Much as I despise the situation, it's pretty much a mandatory requirement these days to have a degree to get started is almost any career.
I was in a similar position to you in that before I went to university I was already designing plenty of hardware and programming in assembly language as well as higher level languages, which in those days was ALGOL and BASIC (don't laugh!).
I learned almost nothing practically speaking at university. The exception was to gain a grounding of how to properly write software for high level languages (rather than hack it). Two of the three computer language courses were frankly useless (FORTRAN and COBOL). The useful one was Pascal. Electronics-wise, I learned nothing practical I didn't know already. I did learn how to solve calculus problems in more ways than you could shake a stick at... but in 35+ years I've only very, very, very rarely used that skill.

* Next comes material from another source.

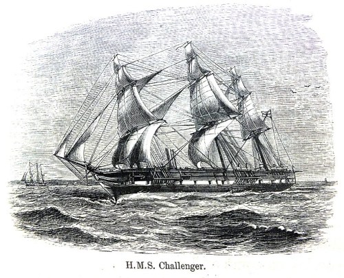 HMS Challenger, het schip waarmee in de periode 1872 – 1876 metingen werden gedaan van de temperatuur in de diepe Stille Oceaan. Bron: The Royal Albert Memorial Museum, HMS Challenger Project
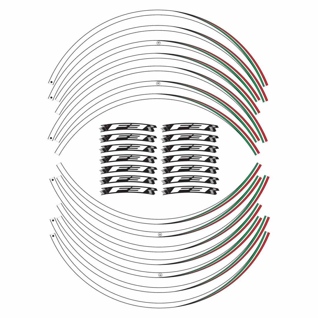 Adesivi per profilo ruote moto Mv Agusta F3, ruote da 17 pollici. Kit di strisce adesive Esclusivi - Labelbike®. Adesivi ruote moto MADE IN ITALY. Grafiche con base in colorazione Bianco, Nero, Verde o Rosso con dettagli bandiera tricolore Italia e scritte F3. Decorano e migliorano l'estetica della tua Mv Agusta F3, resistono a lavaggi, intemperie ed ai Raggi U.V.

What I did gain were three letters after my name, and that opened doors that would definitely never have been opened otherwise.

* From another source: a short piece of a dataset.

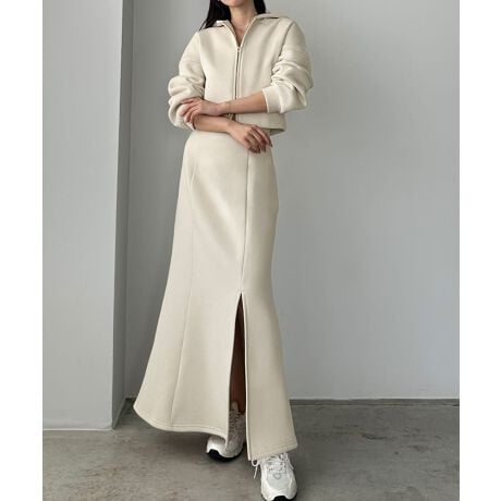 Louere 裏起毛スウェットショートパーカー+スリットマーメイドスカートSET

The odd electronics jobs I did prior to my degree were pure grunt work, like tidying up the stores. It was, however, perfectly plausible in those days to work your way up, usually in a rather unstructured way. Nowadays, it's much harder to do that: you can thank the modern-day HR box-tickers for that, plus that everyone and their dog has a degree.
I agree with the other posters, I implore you to continue.
Before I am done though, how does this bullying manifest itself? Frankly, once you're at university age that sort of childish nonsense should've evaporated. If it pervades it's merely a reflection on the lack of maturity of the perpetrators.